Hello, I have a trouble converting the missing values marked as dots (.)


#1

Hello, I have a trouble converting the missing values. In my data set, the missing values were marked as . (dot). I tried many ways to convert them to NA but it doesn't work. Please help me.


#2

Could you show us an example of what you tried?

```{r}
# Your code goes here :-)
```

#3

What did you try?

It is quite easy to change using ifelse:

First we create some fake data with the dots

a <- c(3,4,5,'.',6,7,6,'.',4,5,'.')
a
[1] "3" "4" "5" "." "6" "7" "6" "." "4" "5" "."

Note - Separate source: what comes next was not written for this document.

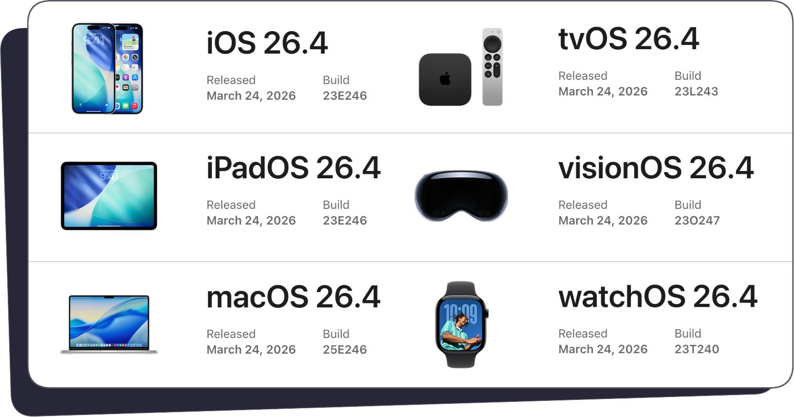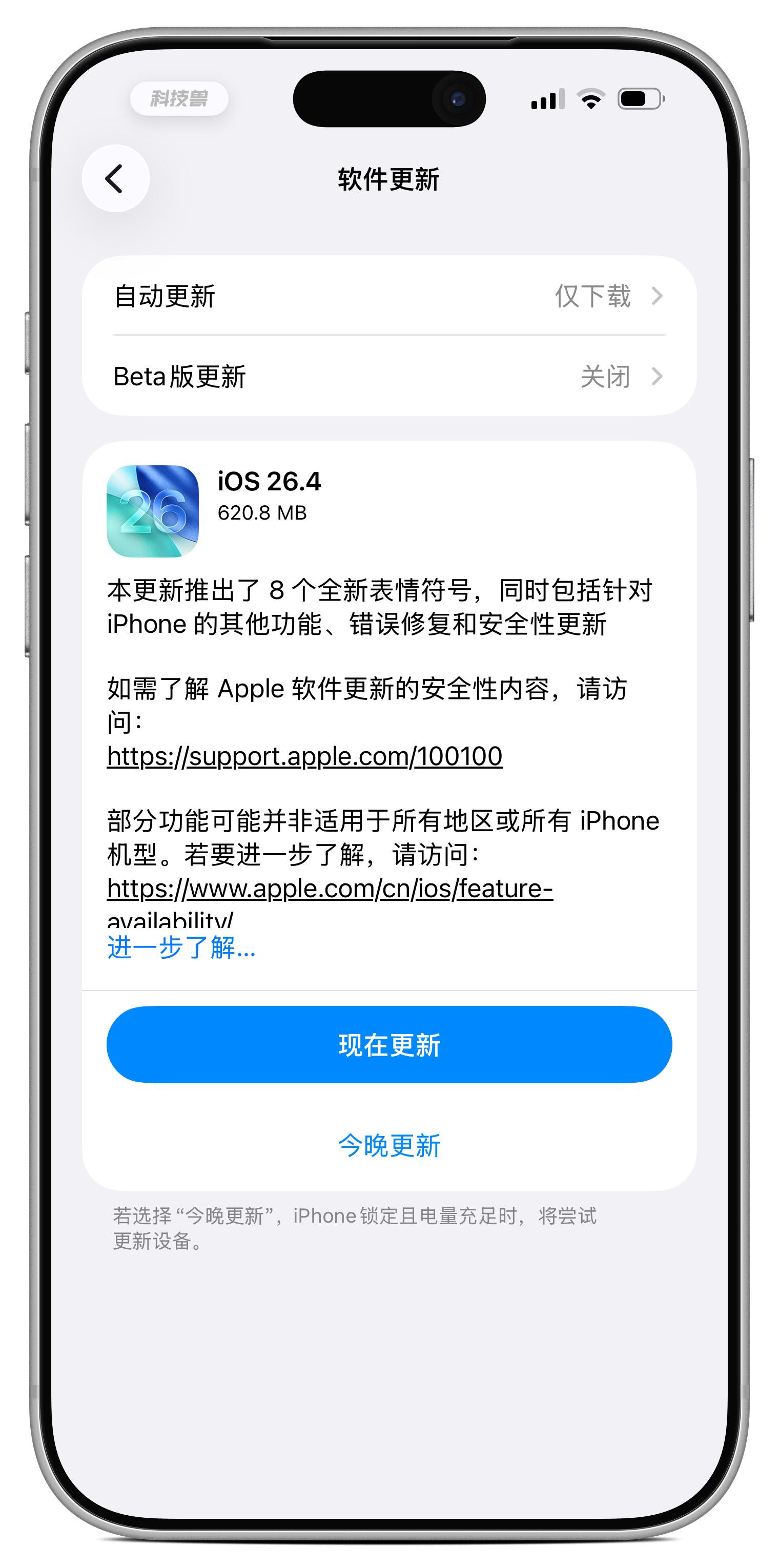 苹果在今天 3 月 25 日凌晨向用户正式推送了 iOS 26.4 正式版系统更新,同时到来的还有 iPadOS 26.4、macOS 26.4、watchOS 26.4 等一系列系统更新。

We change dots with NA using ifelse, and make the output numeric:

 a <- as.numeric(ifelse(a =='.', NA, a))
 a
[1]  3  4  5 NA  6  7  6 NA  4  5 NA

But we don't know how your data looks and the exact error/problem you are facing :slight_smile:


#4

If you're using read.table, read.csv, or read.delim to read the data from a file, you can set the na.strings argument to specify that dots are missing data.

read.csv("myfile.csv", na.strings = ".")

Reading functions from other packages (e.g., readr, data.table::fread) often have similar arguments.


#5

Thank you for your help. I'm really new to Rstudio. Sorry for the unclear sentence. I tried a lot of function in excel trying to replace the data. The example of my data set is above.
But there are much more data than you can see from the picture (~600 cells).
As you can see, some missing data were written as "." and some just left as blank cells.


#8

You can import your data from excel directly with readxl::read_xlsx (or readxl::read_xls depending on your file extension). This function will consider blank cells to be NA by default and you can specify what other strings should also be considered as NA.

So, after you install the package if you haven't already (note that it is part of the tidyverse so you might have installed it without knowing it), run:

readxl::read_xlsx("/path/to/your/file.xlsx", na = ".")

and both your blank cells and your cells with . will be converted to NA.

If your data is not on the first sheet or if you want to customize the function further, you should read the help file for it (?readxl::read_xlsx)


#9

I never use Excel, but there should be a "search and replace" that should allow to replace all your . by blanks if you really want to do that (maybe Ctrl + H?).

But it is much better to leave your data file alone and to do this in R instead, for instance in the import process as I suggested above.


#10

Thank you so much for your suggestion.